French Urea Imports Surge in 2H 2025
Companies Mentioned
Why It Matters
The spike highlights how CBAM is reshaping European fertilizer trade, raising costs for North‑African supplies and prompting a shift toward domestic or low‑carbon sources, which will affect margins across the sector.
Key Takeaways
- •Imports rose 12% YoY, reaching 1.9 mn t.
- •December shipments doubled historic monthly average.
- •CBAM levy adds €36‑€37 per tonne on North African urea.
- •Russian urea supply fell 73% year‑on‑year.
- •EU tariff hikes will further pressure non‑EU imports.
Pulse Analysis
The second half of 2025 saw French urea imports jump to 1.15 million tonnes, a 37 % increase over the same period a year earlier. Buyers accelerated purchases ahead of the EU’s Carbon Border Adjustment Mechanism (CBAM), which imposes a carbon‑intensity levy on imported nitrogen fertilizers. December alone recorded 279,000 tonnes, more than double the three‑year monthly average. This front‑loading eases spring‑time supply pressure but also locks importers into higher CBAM charges, especially for Egyptian and Algerian shipments that carry a default levy of €36‑€37 per tonne.
The surge reshapes trade dynamics as the CBAM makes non‑EU urea comparatively costlier, prompting a shift toward European producers. While the Netherlands and Germany together supplied over 430,000 tonnes in 2025, Russian deliveries collapsed to 43,000 tonnes, a 73 % drop, and are set to face additional anti‑dumping duties of €60‑€70 per tonne from July. Combined with the EU’s standard 6.5 % tariff, these measures tighten margins for importers reliant on North African sources. Consequently, French buyers are weighing verified plant emissions data to reduce CBAM liabilities, a practice that could become industry‑wide.

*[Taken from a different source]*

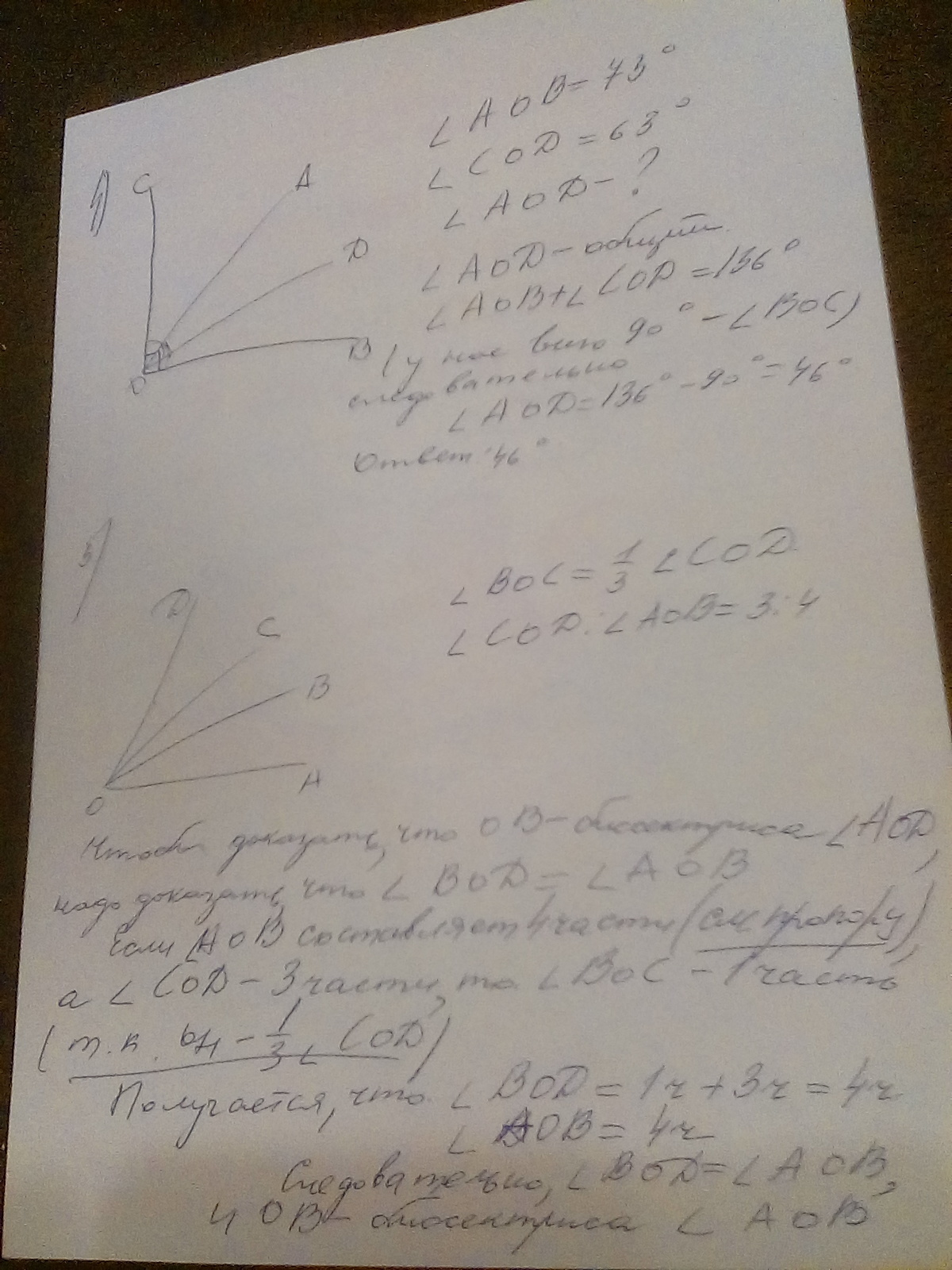 На рис. 33 угол AOC = 77 градусов, угол AOB :угол BOC = 2:5, угол BOC - COD = 12 градусов. Найдите угол AOB, BOC и COD

Looking ahead, Western Europe’s urea capacity of roughly 5.5 million tonnes per year remains constrained by high gas and feedstock costs, limiting the ability to fully offset reduced imports. The 2026 CBAM liability calculation, based on quarterly EU ETS auction prices, will add further price volatility. Importers may increasingly diversify toward domestic or low‑carbon sources, negotiate longer‑term contracts, and explore strategic stockpiling to hedge against tariff escalations. Monitoring the evolution of EU carbon pricing and the forthcoming tariff revisions will be critical for French fertilizer firms aiming to maintain competitiveness in a tightening market.